• _EXERCISE GOAL_
Pictures must not appear in the copy. Restate exactly the lines below from the one with "Большой, мягкий, теплый" through the one with "보기에 악으 행하였느뇨", inclusive.

• _RECORDS TO USE_
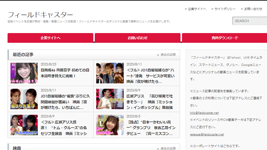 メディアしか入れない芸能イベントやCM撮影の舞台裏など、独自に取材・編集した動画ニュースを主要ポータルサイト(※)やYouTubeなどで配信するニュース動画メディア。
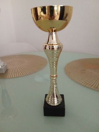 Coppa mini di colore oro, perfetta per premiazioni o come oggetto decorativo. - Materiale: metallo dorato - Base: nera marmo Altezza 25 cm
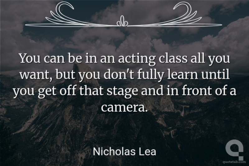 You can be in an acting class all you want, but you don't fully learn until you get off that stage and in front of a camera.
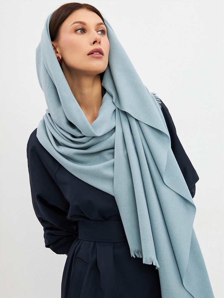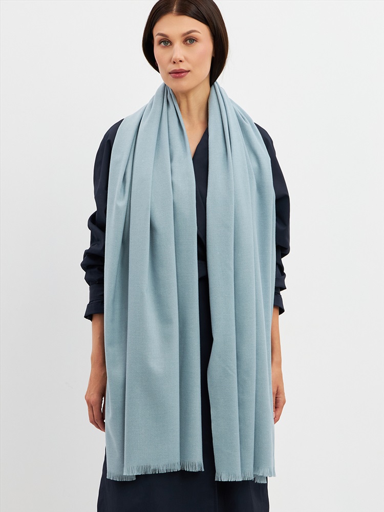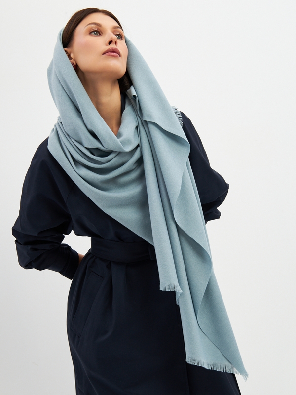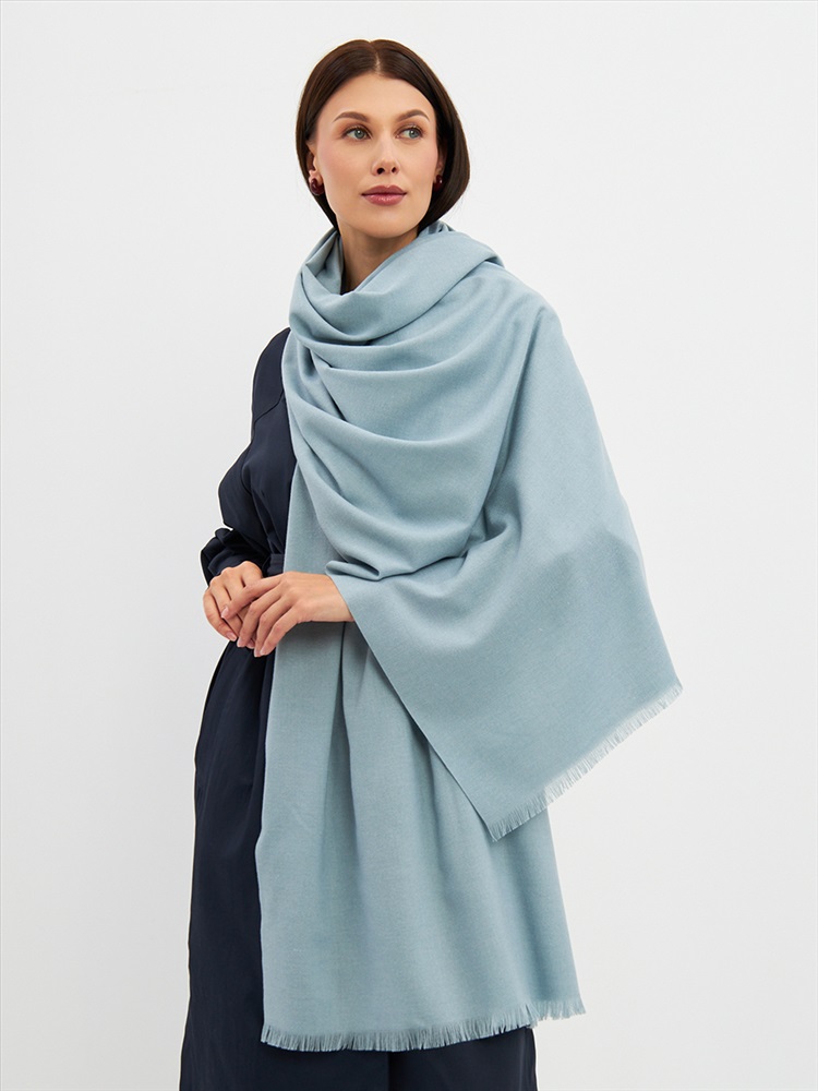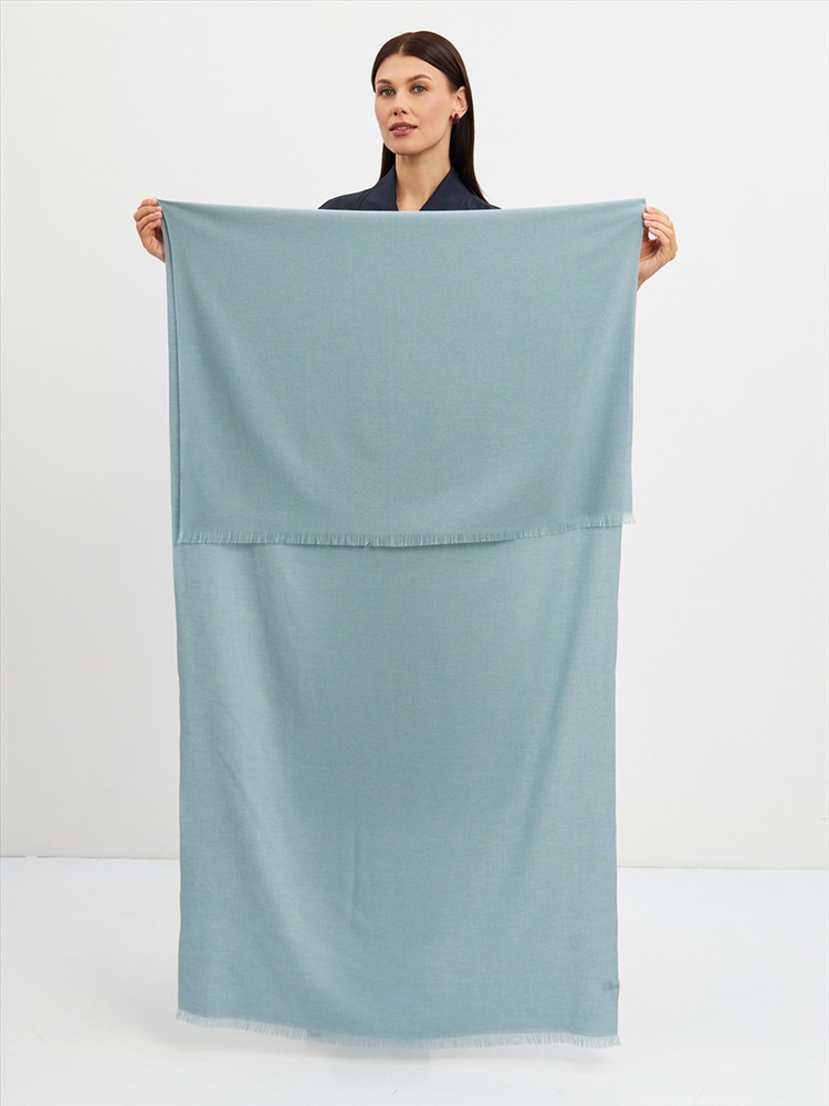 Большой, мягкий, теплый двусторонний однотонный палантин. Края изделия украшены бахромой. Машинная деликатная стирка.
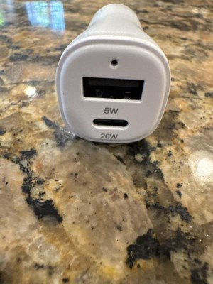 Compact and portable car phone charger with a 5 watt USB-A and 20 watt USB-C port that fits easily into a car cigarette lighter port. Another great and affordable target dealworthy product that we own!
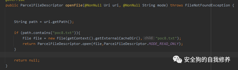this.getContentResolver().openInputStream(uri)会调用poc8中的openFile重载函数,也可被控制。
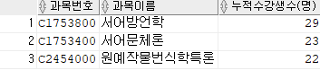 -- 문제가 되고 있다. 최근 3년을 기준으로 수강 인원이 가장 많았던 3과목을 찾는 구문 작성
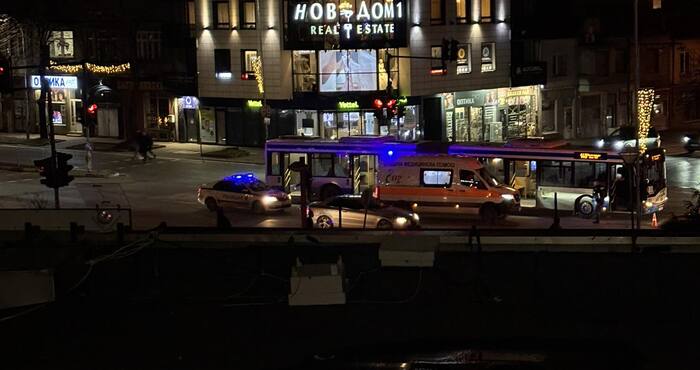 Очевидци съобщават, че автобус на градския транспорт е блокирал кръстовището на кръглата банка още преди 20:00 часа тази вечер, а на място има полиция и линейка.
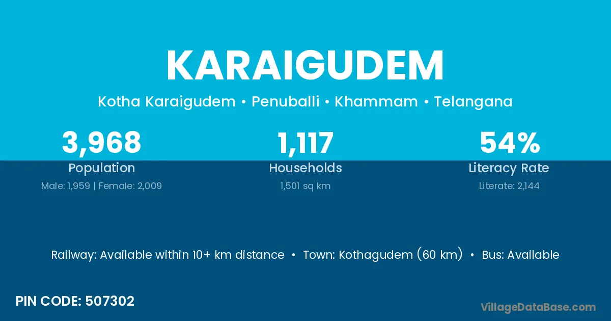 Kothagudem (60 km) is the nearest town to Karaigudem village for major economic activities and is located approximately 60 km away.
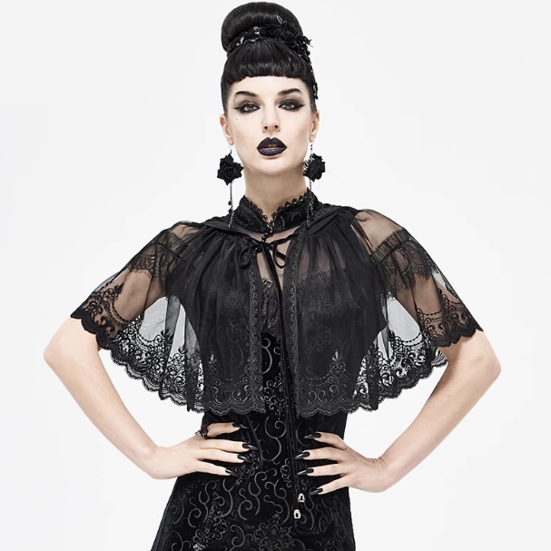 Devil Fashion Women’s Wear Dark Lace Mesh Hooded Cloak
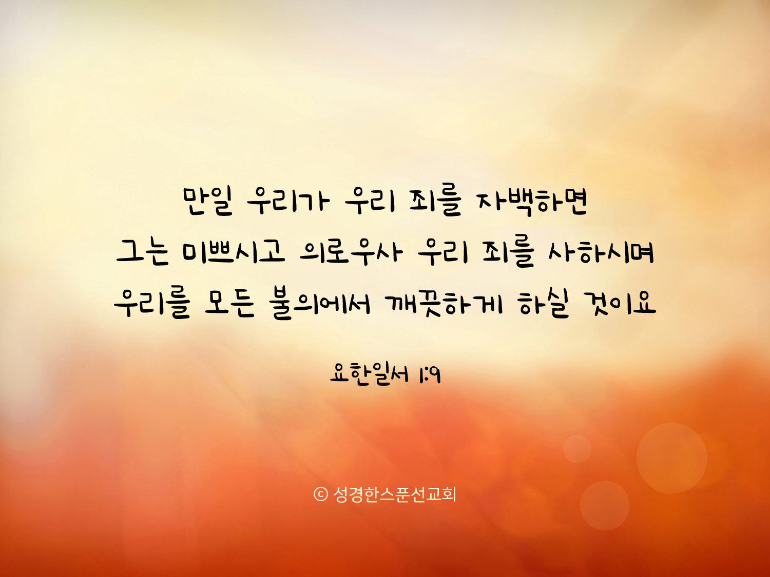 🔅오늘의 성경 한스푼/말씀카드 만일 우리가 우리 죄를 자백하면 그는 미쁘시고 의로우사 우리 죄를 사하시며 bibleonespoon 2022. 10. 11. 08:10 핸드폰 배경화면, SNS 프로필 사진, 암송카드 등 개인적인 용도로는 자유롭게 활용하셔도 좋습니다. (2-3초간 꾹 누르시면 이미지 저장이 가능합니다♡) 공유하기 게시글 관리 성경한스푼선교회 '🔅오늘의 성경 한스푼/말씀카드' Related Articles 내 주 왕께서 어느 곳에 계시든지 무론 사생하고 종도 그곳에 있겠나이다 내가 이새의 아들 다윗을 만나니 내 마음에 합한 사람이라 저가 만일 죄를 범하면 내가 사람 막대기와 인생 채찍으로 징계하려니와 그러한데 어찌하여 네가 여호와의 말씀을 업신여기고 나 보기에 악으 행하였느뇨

...

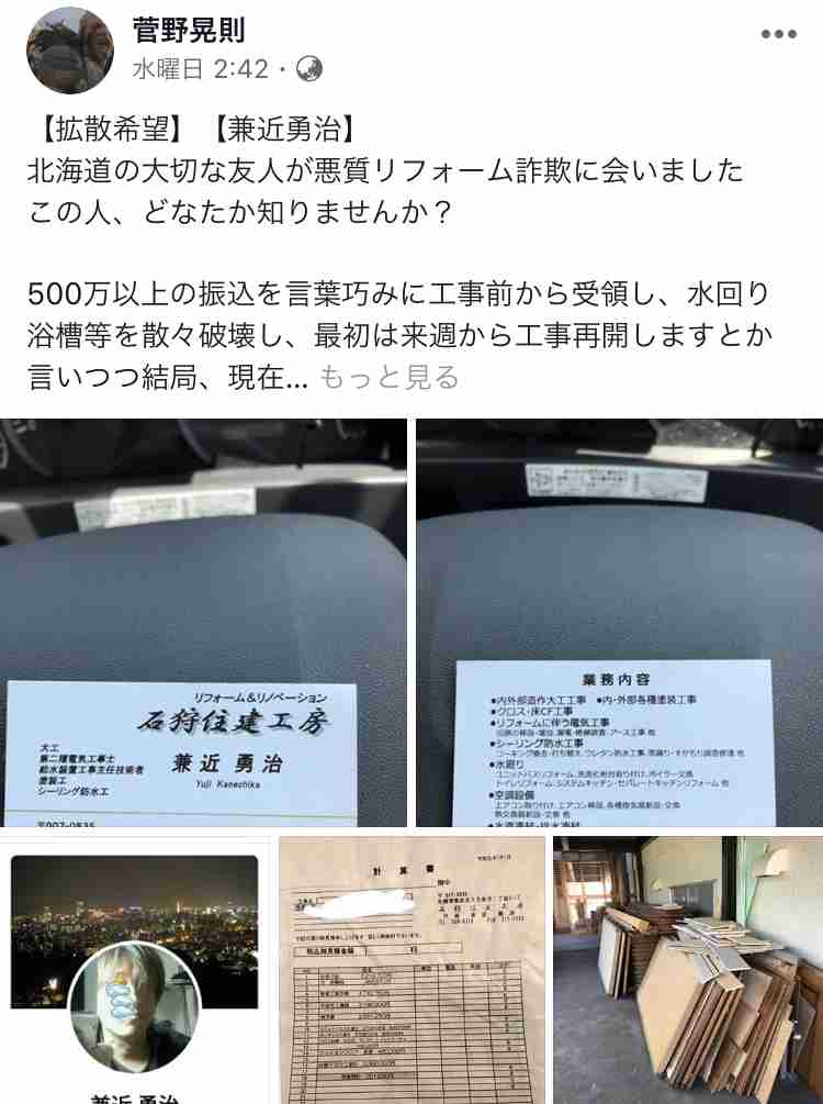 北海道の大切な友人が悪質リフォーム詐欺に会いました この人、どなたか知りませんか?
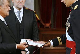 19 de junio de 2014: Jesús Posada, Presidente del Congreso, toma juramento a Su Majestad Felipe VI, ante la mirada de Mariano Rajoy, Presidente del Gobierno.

• _ANSWER FOR THE TASK_
 Большой, мягкий, теплый двусторонний однотонный палантин. Края изделия украшены бахромой. Машинная деликатная стирка.
 Compact and portable car phone charger with a 5 watt USB-A and 20 watt USB-C port that fits easily into a car cigarette lighter port. Another great and affordable target dealworthy product that we own!
this.getContentResolver().openInputStream(uri)会调用poc8中的openFile重载函数,也可被控制。
 -- 문제가 되고 있다. 최근 3년을 기준으로 수강 인원이 가장 많았던 3과목을 찾는 구문 작성
 Очевидци съобщават, че автобус на градския транспорт е блокирал кръстовището на кръглата банка още преди 20:00 часа тази вечер, а на място има полиция и линейка.
 Kothagudem (60 km) is the nearest town to Karaigudem village for major economic activities and is located approximately 60 km away.
 Devil Fashion Women’s Wear Dark Lace Mesh Hooded Cloak
 🔅오늘의 성경 한스푼/말씀카드 만일 우리가 우리 죄를 자백하면 그는 미쁘시고 의로우사 우리 죄를 사하시며 bibleonespoon 2022. 10. 11. 08:10 핸드폰 배경화면, SNS 프로필 사진, 암송카드 등 개인적인 용도로는 자유롭게 활용하셔도 좋습니다. (2-3초간 꾹 누르시면 이미지 저장이 가능합니다♡) 공유하기 게시글 관리 성경한스푼선교회 '🔅오늘의 성경 한스푼/말씀카드' Related Articles 내 주 왕께서 어느 곳에 계시든지 무론 사생하고 종도 그곳에 있겠나이다 내가 이새의 아들 다윗을 만나니 내 마음에 합한 사람이라 저가 만일 죄를 범하면 내가 사람 막대기와 인생 채찍으로 징계하려니와 그러한데 어찌하여 네가 여호와의 말씀을 업신여기고 나 보기에 악으 행하였느뇨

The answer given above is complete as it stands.